TASK DESCRIPTION – An exact reproduction is needed of every line from the beginning of the data down to and including the line that contains "Adorable purebred Maltese", minus the pictures.

RECORDS SUPPLIED –
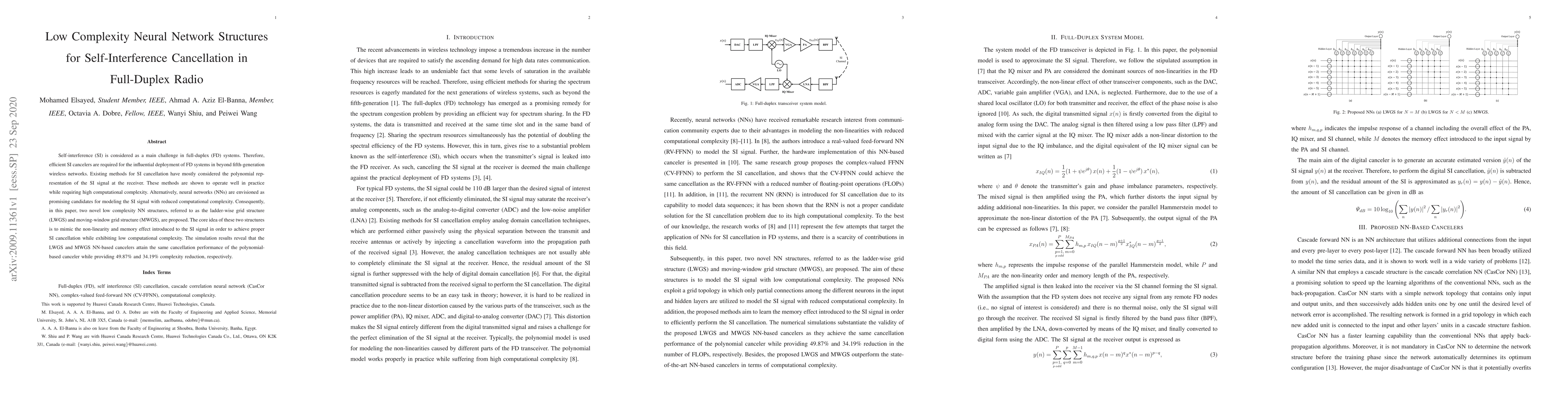 Two new neural network structures reduce computational complexity for self-interference cancellation in full-duplex radio systems, achieving 49.87% and 34.19% reductions compared to polynomial-based cancelers.
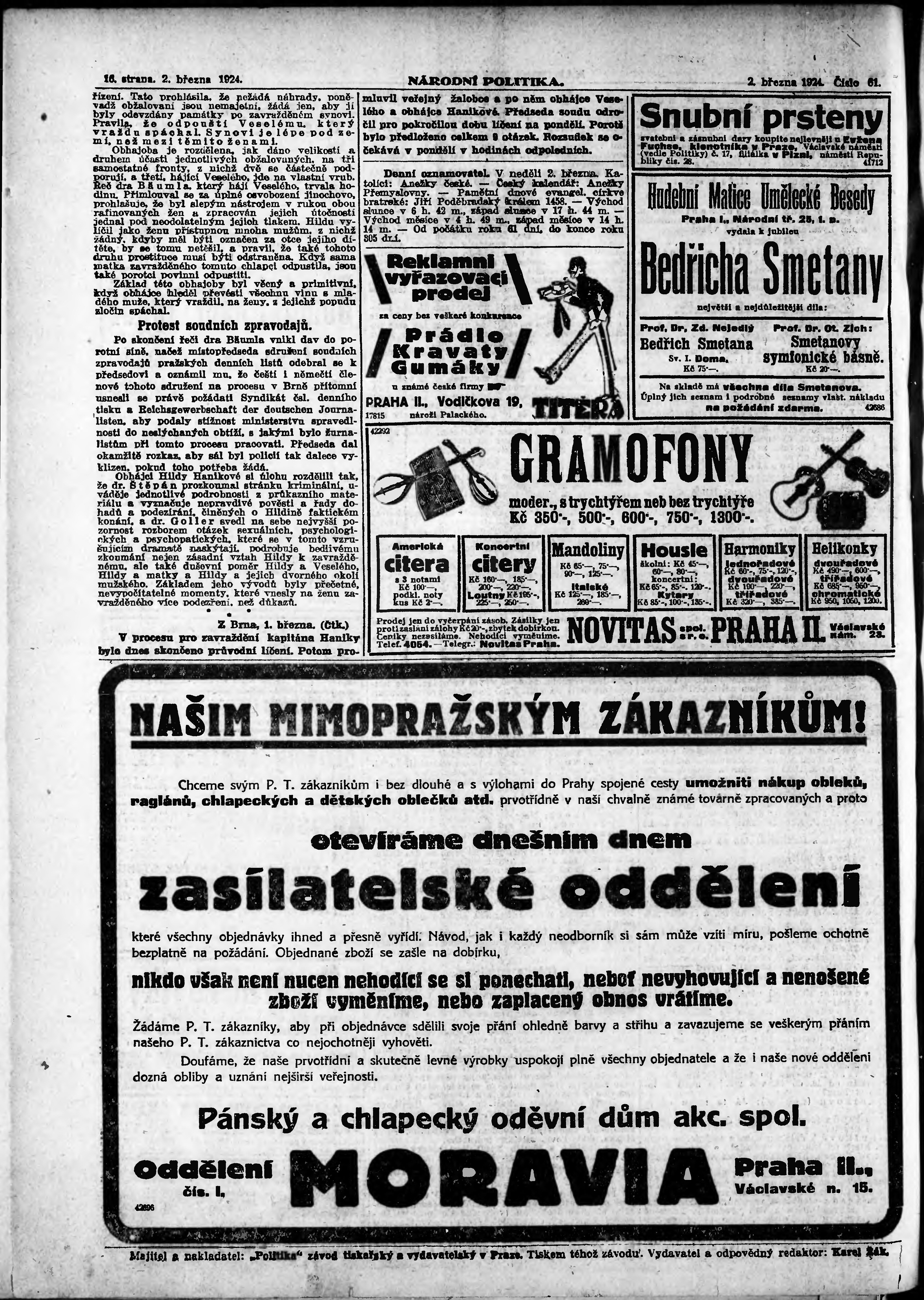 * Datum vydání výtisku: 2.3.1924 Číslo výtisku: 61 Poznámky k výtisku: ranní vydání;
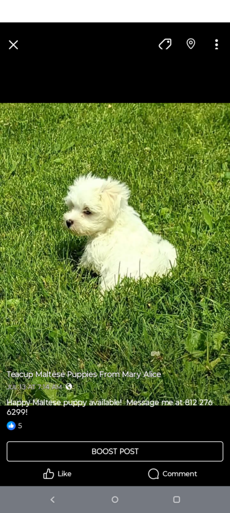 Adorable purebred Maltese puppies available for forever home! Males & females available. Puppies are friendly, loving and looking forward to seeing you! Call or text 812 276 6299
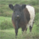 Une vache Belted Galloway, aussi connue sous le nom de ventre Oreo ou vache Panda, regarde directement dans la caméra. Pâturage ici au Parc national de Dartmoor.
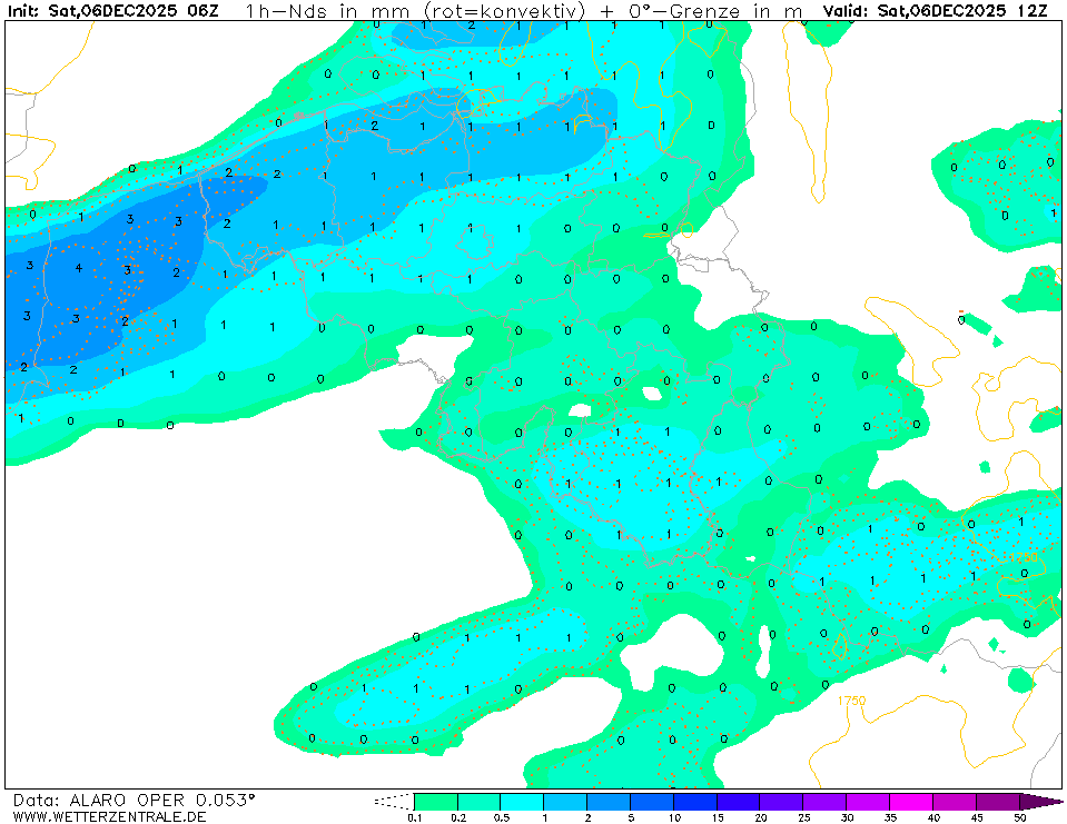 WRFThe selected variable and region is available, but not for 2025-11-07, 09:00. You will switch back to the first available time step. WRF (Weather Research and Forecasting model) is a freely available weather forecast model. WRF version 3.9 is run on the WZ servers and offers 4 forecasts per day up to 72 hours. It is currently run with a horizontal grid spacing of 5 km and uses the WRF single-moment 3 class microphysics scheme, the YSU PBL scheme and the Dudhia radiation scheme.
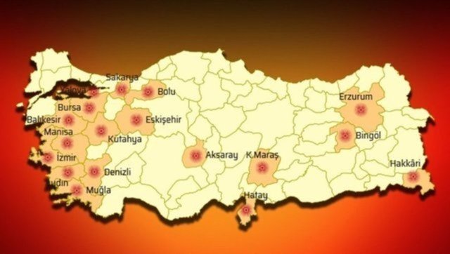 Eskişehir, Antalya, Tekirdağ, Edirne, Sinop, İstanbul, Kastamonu'yu, Ordu, Samsun, Giresun, Artvin, Şanlıurfa, Mardin, Kilis, Adana, Gaziantep'in de bazı bölgeleri ve Kahramanmaraş, Sivas, Gümüşhane, Bayburt, Kayseri, Yozgat, Çorum, Ankara, Konya, Mersin ve Nevşehir.

RESULT OF THIS TASK –
 Two new neural network structures reduce computational complexity for self-interference cancellation in full-duplex radio systems, achieving 49.87% and 34.19% reductions compared to polynomial-based cancelers.
 * Datum vydání výtisku: 2.3.1924 Číslo výtisku: 61 Poznámky k výtisku: ranní vydání;
 Adorable purebred Maltese puppies available for forever home! Males & females available. Puppies are friendly, loving and looking forward to seeing you! Call or text 812 276 6299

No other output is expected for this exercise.